What this task involves. Would you copy the lines below exactly and omit the images?

Data segment.
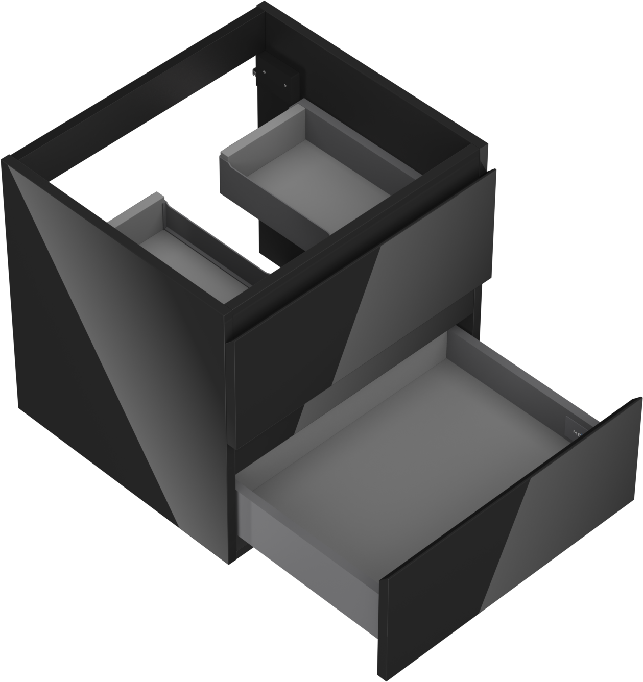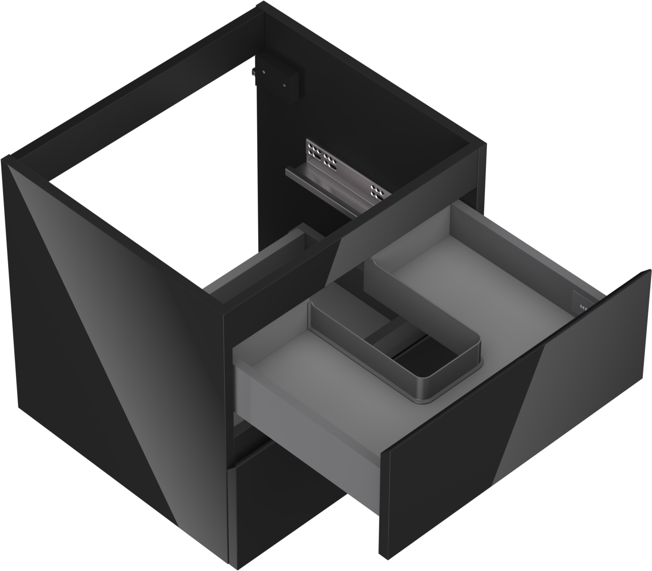 Wycięcie w szufladzie jest zaprojektowane w taki sposób, aby pomieścić syfon, który jest niezbędny w instalacjach umywalkowych. Dzięki temu mebel może być zamontowany w pełni funkcjonalnie, bez konieczności rezygnowania z przestrzeni w szufladzie na rzecz instalacji.
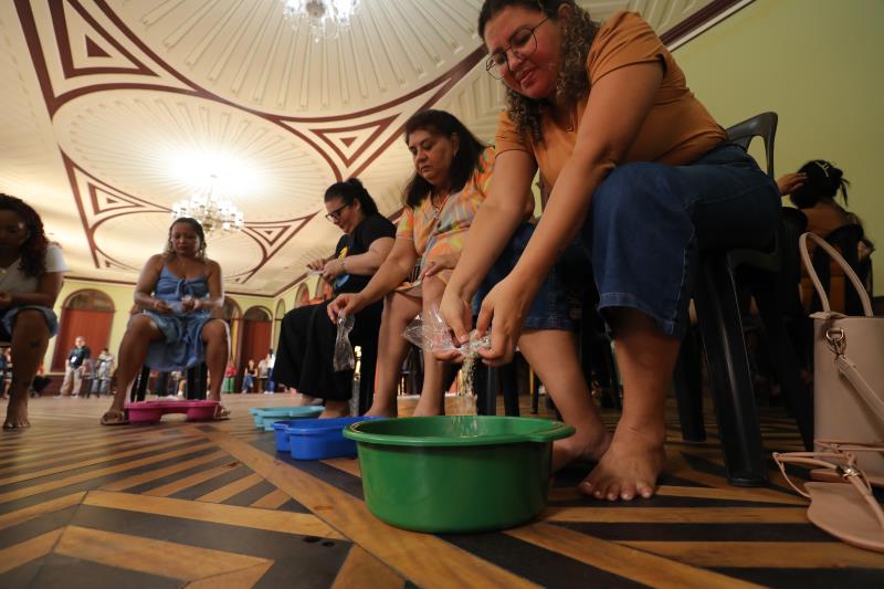 Além da palestra, a manhã foi marcada por um coffee break, seguido de práticas integrativas promovidas por alunos do curso de Terapia Ocupacional da Uepa. As participantes vivenciaram momentos de relaxamento com massagens, automassagem, terapia auricular e spa dos pés. Antes das atividades, foi realizada uma roda de conversa para troca de experiências sobre as rotinas de cuidados no dia a dia.
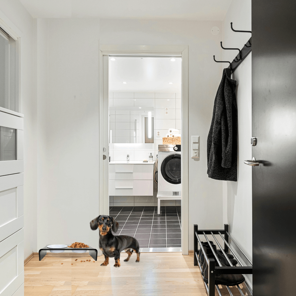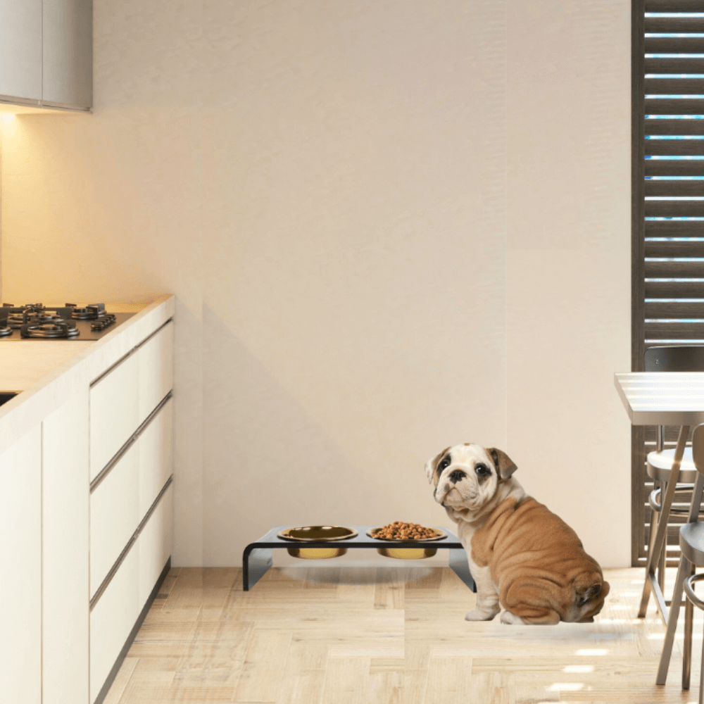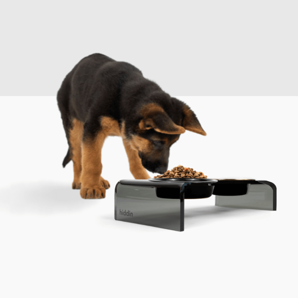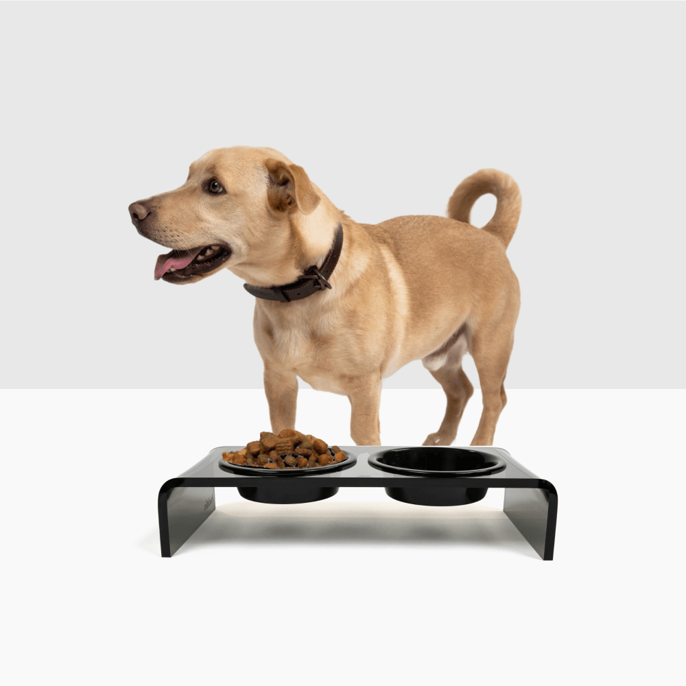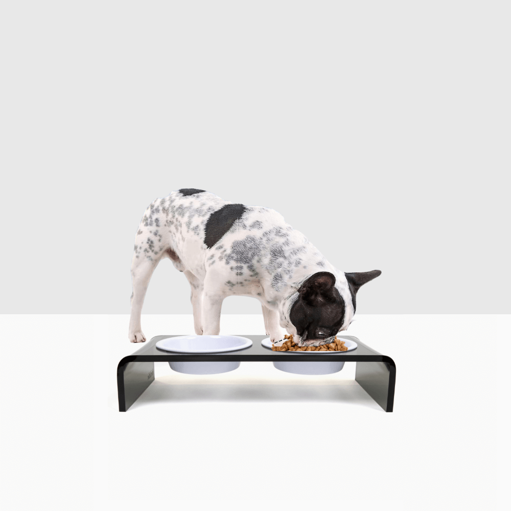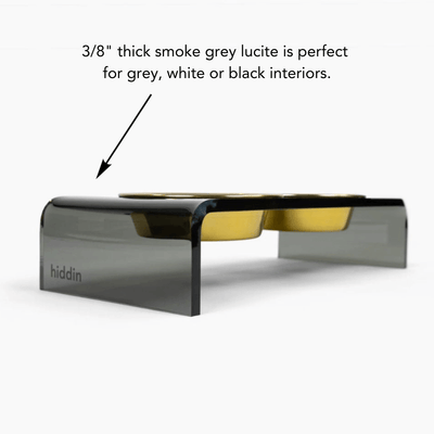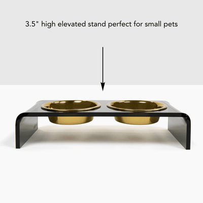 Our Small Smoke Grey Double Bowl Feeder is a modern smoke grey lucite feeding stand with stainless steel metal bowls. Our raised acrylic feeder is 3.5" tall and provides an ergonomically correct eating position for smaller pets. With a gentle waterfall design, this sheer grey lucite double bowl feeder is sturdy and modern. Our exclusive metal bowls have a 1.5 cup capacity and come in white, black, gold and stainless silver. The color bowls are hand wash only and the stainless silver is dishwasher safe. All of our bowls are non-toxic, lead free and weighty, adding shimmer and shine to your decor.

Reply.
 Wycięcie w szufladzie jest zaprojektowane w taki sposób, aby pomieścić syfon, który jest niezbędny w instalacjach umywalkowych. Dzięki temu mebel może być zamontowany w pełni funkcjonalnie, bez konieczności rezygnowania z przestrzeni w szufladzie na rzecz instalacji.
 Além da palestra, a manhã foi marcada por um coffee break, seguido de práticas integrativas promovidas por alunos do curso de Terapia Ocupacional da Uepa. As participantes vivenciaram momentos de relaxamento com massagens, automassagem, terapia auricular e spa dos pés. Antes das atividades, foi realizada uma roda de conversa para troca de experiências sobre as rotinas de cuidados no dia a dia.
 Our Small Smoke Grey Double Bowl Feeder is a modern smoke grey lucite feeding stand with stainless steel metal bowls. Our raised acrylic feeder is 3.5" tall and provides an ergonomically correct eating position for smaller pets. With a gentle waterfall design, this sheer grey lucite double bowl feeder is sturdy and modern. Our exclusive metal bowls have a 1.5 cup capacity and come in white, black, gold and stainless silver. The color bowls are hand wash only and the stainless silver is dishwasher safe. All of our bowls are non-toxic, lead free and weighty, adding shimmer and shine to your decor.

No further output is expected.